Selain menggratiskan atau setidaknya menekan biaya kuota semurah mungkin, ke depannya apabila pandemi wabah Covid-19 sudah mulai berakhir, pemerintah dan pihak swasta seharusnya semakin menggalakkan pembangunan infrastruktur telekomunikasi secara masif. Pemerataan jaringan telekomunikasi, khususnya internet, secara signifikan mutlak diperlukan dengan atau tanpa adanya wabah Covid-19. Menyongsong era Revolusi Industri 4.0 serta sebagai persiapan menghadapi kemungkinan buruk akan adanya wabah virus lain di masa depan, jaringan internet sudah seharusnya merata di seluruh pelosok Ibu Pertiwi dan dapat dinikmati oleh semua warga negeri ini tanpa demarkasi ekonomi serta teknologi informasi dan komunikasi. Dengan demikian, apabila suatu saat nanti kebijakan “Belajar di Rumah” harus kembali diterapkan oleh pemerintah, semua guru dan siswa di Indonesia dapat melaksanakannya secara maksimal, sehingga tujuan yang diekspektasikan pun bisa diraih. Sudah saatnya kesenjangan sosial dalam dunia pendidikan kita dihilangkan demi kemajuan bangsa dan negara Indonesia yang sangat kita cintai ini.

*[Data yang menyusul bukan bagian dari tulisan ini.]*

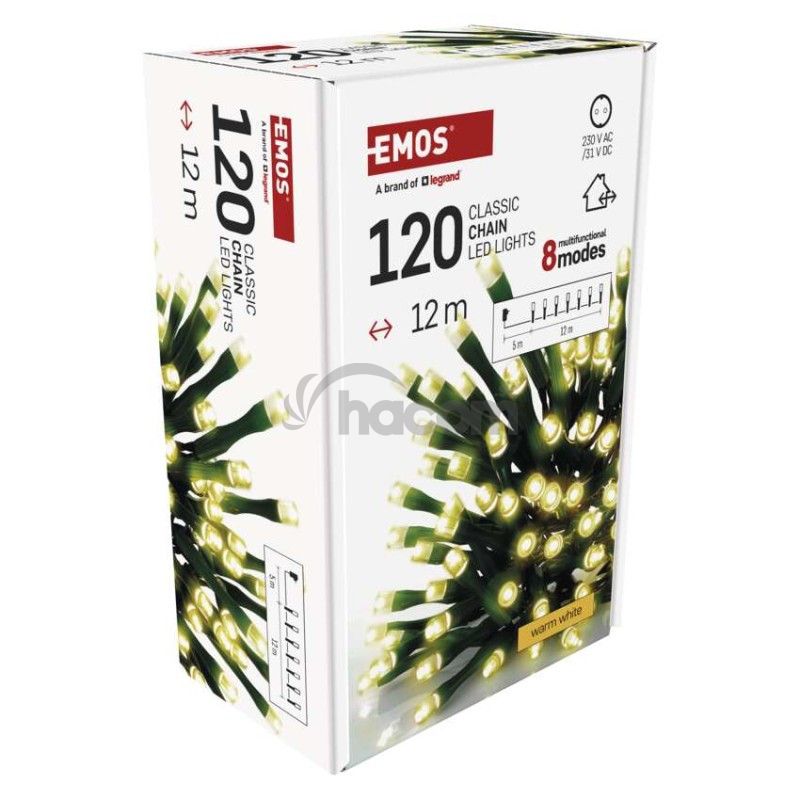 LED vianočná reťaz, 12 m, vonkajšia aj vnútorná, teplá biela, programy, časovač D4AW23

Negara yang maju adalah negara yang rakyatnya sehat, baik jasmani maupun rohani. Salah satu indikator kemajuan suatu bangsa dapat dilihat melalui indeks kesehatan negara tersebut. Kesehatan para guru dan siswa sangat mempengaruhi dunia pendidikan bangsa ini. Oleh karena itu, marilah kita senantiasa menjaga kesehatan tubuh dengan rutin menjaga pola makan empat sehat lima sempurna, rajin berolahraga secara teratur, tetap berada di rumah, selalu mencuci tangan dengan sabun selama minimal duapuluh detik setiap kali pulang ke rumah, menghindari kerumuman massa di luar rumah, dan konsisten menerapkan physical distancing alias menjaga jarak dari orang lain di tempat-tempat publik.

Semoga wabah Covid-19 segera berakhir dan kita dapat kembali melakukan segala aktivitas serta rutinitas kehidupan sehari-hari dengan normal sebagaimana biasanya. Semoga Allah swt., Tuhan Yang Maha Esa senantiasa melindungi bangsa dan negara Indonesia beserta seluruh rakyatnya. Amin.

Penulis: Indra Setyo Rahadhi, S.S., M.Si..
Guru SMP Islam Swasta serta Pengamat Dunia Pendidikan dan Politik.